Laying strong foundations for smart cities now will help Ireland maximise its digital potential


Did you know that many parts of Dublin are now home to self-compacting bins that send an email when they are full and need to be emptied?

Or that Galway has been at the forefront of using intelligent transport solutions to manage transport systems and infrastructure - including implementing smart street lighting and a smart parking system for Galway city?

A number of major traffic light systems in Dublin city now trigger automatic engineer dispatches when they suffer faults. Other cities such as Limerick and Belfast have also been engaging with tech providers and the public to lay the digital foundations to become truly smart cities.

While it is true to say we live in an increasingly connected world, the pace of change continues to astonish.

For businesses and consumers alike, connectivity has moved from being a nice-to-have to sitting at the heart of our daily lives; if we're not using virtual assistants to organise our work day, then we're consulting our fitness trackers, monitoring everything from our heart rate to our step count.

Smart cities represent the next stage in that evolution, utilising the latest technologies to provide improved and more efficient services in areas like energy, transport and resource consumption.
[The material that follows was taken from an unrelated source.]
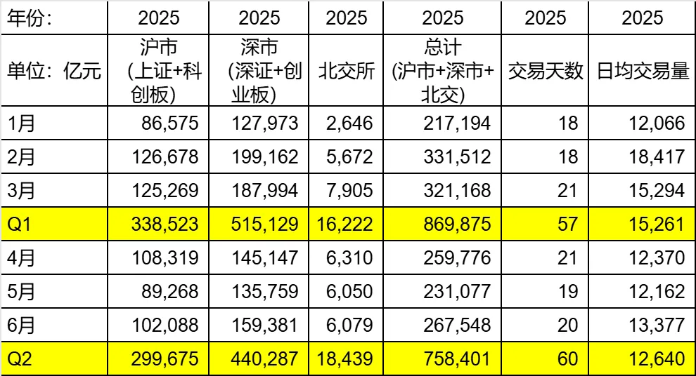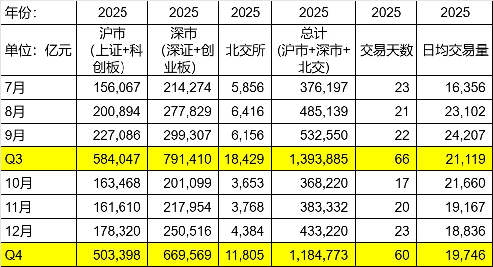 展望2026:券商的净利润能涨到何时?上一篇文章,我似乎泼了一点冷水,提到四季度券商的利润增长恐怕不如三季度这么强劲。今天我再来打打鸡血,展望一下2026年券商的业绩。2025年,券商两条腿在走路,一条是财富管理(收的手续费+融资融券的利息),另一条是自营投资业务。当然个别券商还能三条腿走路的,比如中金的投行业务占比也很大增长也很多。我最近想弄明白一个问题,券商的两条腿,到了2026年都还能高速增长吗?手续费还能收更多吗?两融余额同比还能大涨吗?手续费能不能收更多,相当于A股的成交量同比能否继续增长。我们先来看一下2025年上半年的成交量(数据来自于上交所、深交所和北交所的官网):2025年Q1日均1.5万亿,Q2日均1.2万亿。几乎可以断定,2026年上半年的手续费增长是无须担心的,就2026年前几个交易日的情况,就没有低于2.5万亿的。然后我们再来看看,融资融券的利息还能继续大幅增长吗?先看一下2025年上半年的两融余额如下(数据来自于上交所和深交所的官网):我们看一下1月7日的水平,下图来自上交所和深交所的截图:加在一起,两市的两融余额已经达到了2.6万亿。同比去年1月最后一个交易日,已经大幅度增长50%左右了。而且2025年前6个月两融余额其实体量都不到2万亿,今年上半年,两融的利息收入也将注定继续大涨。综上,券商业绩的第一条腿——财富管理(手续费+融资融券利息),将大概率在2026年上半年继续高速增长。下半年挑战会大很多,这是2025年下半年的交易金额数据:2025年Q3日均交易量已经达到2.1万亿,Q4也接近2万亿。那么2026年下半年,手续费同比还能不能增长,能增长多少,就要看当时的市场热度了。可以看到,2025年下半年的两融余额已经比较高了,基本都在2万亿以上。总的来说,2026年下半年的财富管理增速可能承压,我觉得应该还是会增长,但是增幅大概率会小于上半年。以上是第一条腿——财富管理的展望。从这个角度来说,像中国银河和广发证券这种经纪业务占比高的券商,至少在2026年的一季报和中报时,业绩增速的确定性很高。毕竟财富管理是市场好的时候,确定性最强的板块。那么财富管理业务是不是可以一直增长?理论上,市场上的水本来就是越来越多的,交易量也好,两融余额也好,本来就应该不断创新高,毕竟水本来就多了。但是当体量达到一定程度,增速就会放缓,期望券商的财富管理后面几年都以50%+的速度大幅上涨,是不现实的。即便慢牛真的实现,财富管理板块,应该也只会每年同比缓慢上涨。上一篇文章已经提到过,券商的自营投资可以说是不可预测的。但是当股市上涨时,大概率自营投资也是涨的。这里我就不多讨论了。整体来说,由于确定性很高的财富管理业务增速仍然将很可观,所以2026年我关注的银河、广发等券商业绩可期,分红仍然将大幅增长。

All of which should not only aid economic development, but also improve the quality of life for urban communities.

Take transport as just one example. The rise of big data, connected sensors and mobile payments will facilitate the rise of car-sharing services, autonomous driving, smart parking solutions, and greater on-board safety in both cars and public transport. This not only means increased mobility for commuters looking to move around the city, but also less time wasted due to congestion, and consequently reduced carbon emissions.

At home, the momentum behind smart cities can most clearly be seen in the All-Ireland Smart Cities Forum, or regional initiatives such as Smart Dublin, which is aiming to engage smart technology providers, researchers and citizens to improve city life and develop new urban solutions. Some of the smart city technologies being promoted by these groups will already be familiar to many.

All of these technologies promise a better quality of life for those using them. But if we are to reap the rewards of advances in technology and connectivity, joined-up thinking will be needed to ensure there is proper planning on a city-wide and national scale. Previous boom-and-bust cycles have demonstrated only too well that a lack of long-term planning will see expensive and fruitless work undertaken in the wrong areas, at the wrong price, or with the wrong goals in mind.

Right now, many local authorities are including a condition in planning permissions that requires developers of both commercial and residential properties to install carrier-neutral/open-access ducting for fibre optic.

Not only does this ensure occupiers have access to all current services available, but it future-proofs premises for potential tech developments rapidly coming down the line.